ACTION ITEM:
Starting at the line that contains "人身保险公司合同纠纷投诉量居", output each line exactly as written through the end of the listing below, but leave out the pictures.

RECORDED INFORMATION:
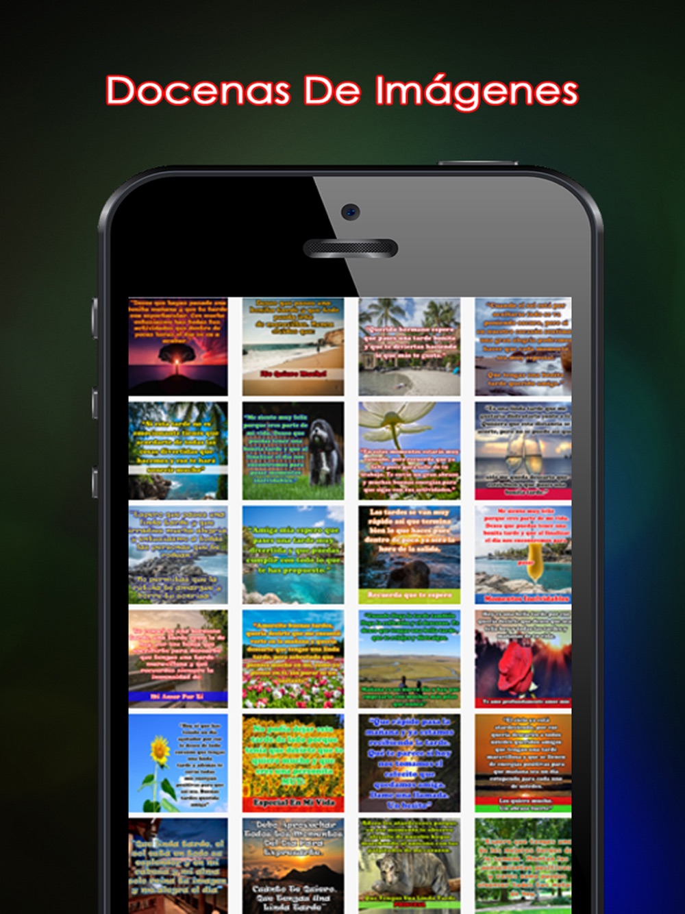Hermosa colección de imágenes con frases de buenas tardes, es un app muy completa con docenas de fotos con frases hermosas, motivación, de animo, para compartir todos los días. Justo para compartir las imágenes en tu trabajo, con una amistad, amigo o amiga con tu pareja, novio o novia, con tu familia, etc.
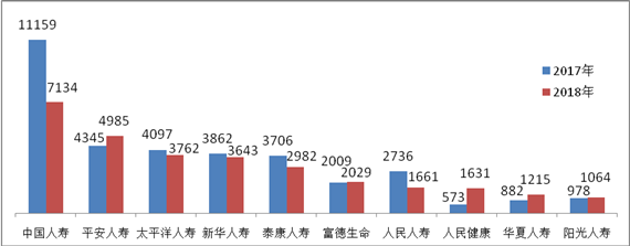 人身保险公司合同纠纷投诉量居前10位的为:中国人寿7134件,同比下降36.07%;平安人寿4985件,同比增长14.73%;太平洋人寿3762件,同比下降8.18%;新华人寿3643件,同比下降5.67%;泰康人寿2982件,同比下降19.54%;富德生命2029件,同比增长1.00%;人民人寿1661件,同比下降39.29%;人民健康1631件,同比增长184.64%;华夏人寿1215件,同比增长37.76%;阳光人寿1064件,同比增长8.79%。
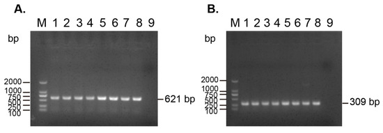 PCR detection of the carbapenem-resistant gene blaNDM-1 and the colistin-resistant gene mcr-1 from (A) the plasmids extracted from the eight carbapenem-resistant and (B) the colistin-resistant E. coli strains. M: DL 2000 DNA marker; 1–8: plasmid from RXD007, RXD012, RXD020, RXD024, RXD033, RXD035, RXD100, and RXD115; 9: ddH2O as negative control.
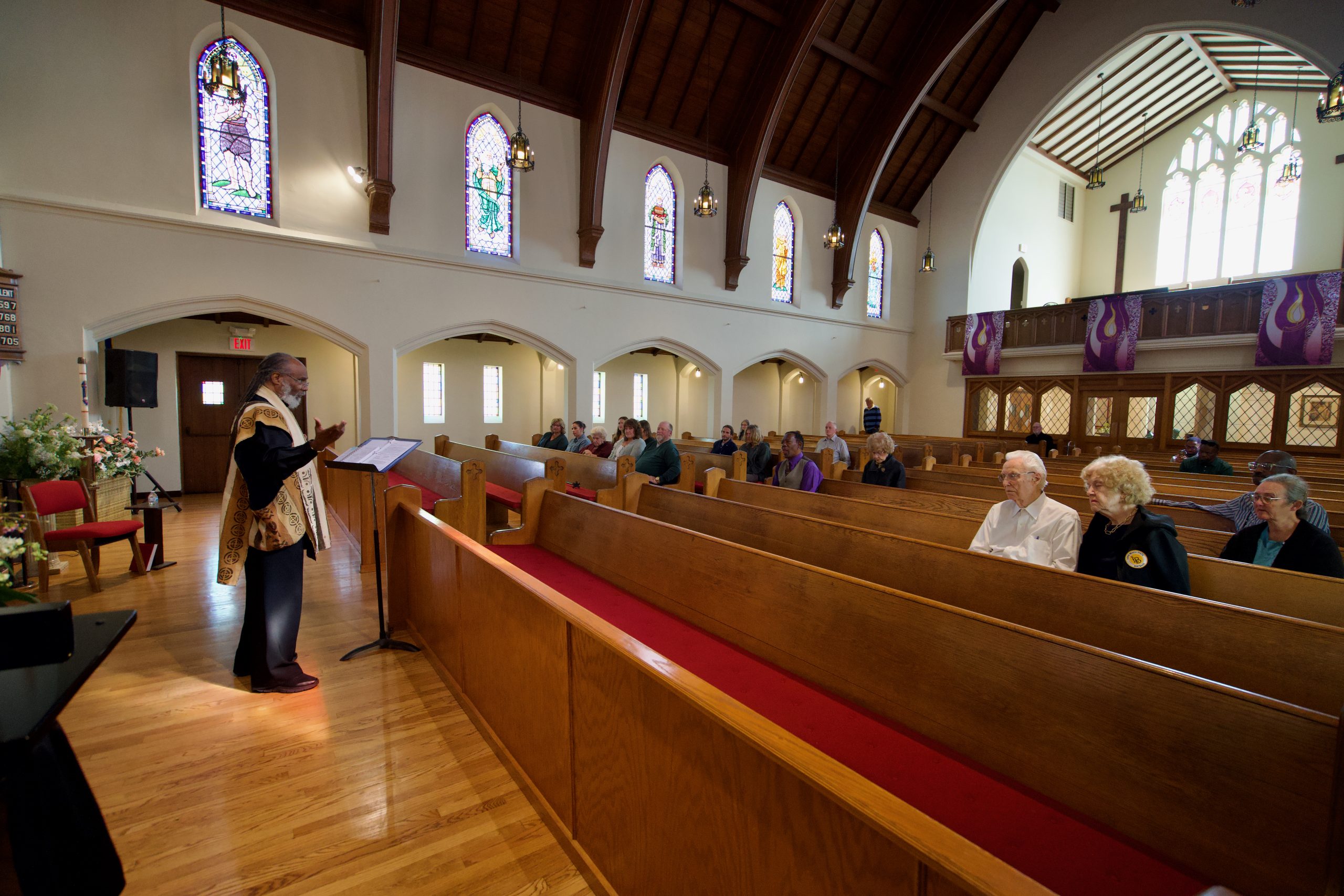 - Pastor Starr in Sanctuary during worship.

RESPONSE FOR THIS EXERCISE:
 人身保险公司合同纠纷投诉量居前10位的为:中国人寿7134件,同比下降36.07%;平安人寿4985件,同比增长14.73%;太平洋人寿3762件,同比下降8.18%;新华人寿3643件,同比下降5.67%;泰康人寿2982件,同比下降19.54%;富德生命2029件,同比增长1.00%;人民人寿1661件,同比下降39.29%;人民健康1631件,同比增长184.64%;华夏人寿1215件,同比增长37.76%;阳光人寿1064件,同比增长8.79%。
 PCR detection of the carbapenem-resistant gene blaNDM-1 and the colistin-resistant gene mcr-1 from (A) the plasmids extracted from the eight carbapenem-resistant and (B) the colistin-resistant E. coli strains. M: DL 2000 DNA marker; 1–8: plasmid from RXD007, RXD012, RXD020, RXD024, RXD033, RXD035, RXD100, and RXD115; 9: ddH2O as negative control.
 - Pastor Starr in Sanctuary during worship.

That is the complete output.